There are voices downstairs, she realizes.
It's time to go.
She draws back from Dean just a little. Tips her head to look up at him, look into his eyes. There's something in them she's never seen before. He lets her look at it, look into those jewel-green wells to his soul, for just a moment, then he leans down a little and gently touches his lips to her cheek. When he draws back he smiles, and it says more than any collection of words ever could.
"Be careful," she tells him.
He shrugs, a small lift of one shoulder.
"Please," she says.
"Don't know that it'd change anything."
He releases her then, steps back and takes one last look around. When he's finished with that he smiles again, and this time there's a little of the old humor in it, a little of the old Dean, the one who strutted almost everywhere he went, the one who liked to pretend he owned the world. He holds on to that as he moves toward the door, holds on to it as he seems to be putting some pieces together in his mind.
"Sorry," he says as he nears the threshold.
"For what?"
"That I didn't call."
There are moments, she knows - moments when you have to choose the right way to send someone on their way. Sometimes, if you do it wrong, there's no do-over. There wasn't, with Bill, and she's regretted that on a thousand different nights.

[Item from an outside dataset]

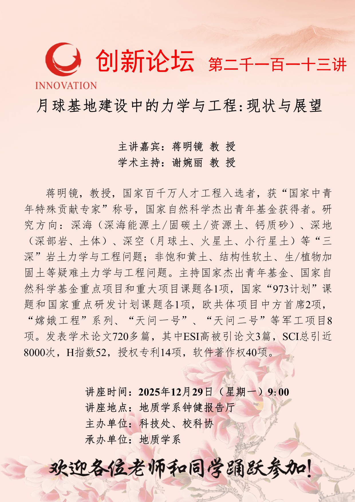 AC米兰中国官网创新论坛第二千一百一十三讲:月球基地建设中的力学与工程:现状与展望

So she does this. She matches Dean's crooked little smirk and tells him, "The next time you're resurrected? You call me. Or I'll kick your ass."
"Duly noted," he says.
She watches out the bedroom window as he and Sam leave the house and set off down the road, headed out of town, headed for parts unknown. Time was, she would have sent them on their way with a paper sack of sandwiches and some sodas. Time was, she could have counted on seeing them again.
Now, there's no counting on much of anything.
So she does what she can do. She steps away from the window, walks out of the bedroom that belonged to a couple of strangers who'll never enter it again, walks away from the bit of home that belongs to no one any more, and makes her way down the stairs to join her daughter and get the hell out of River Bend.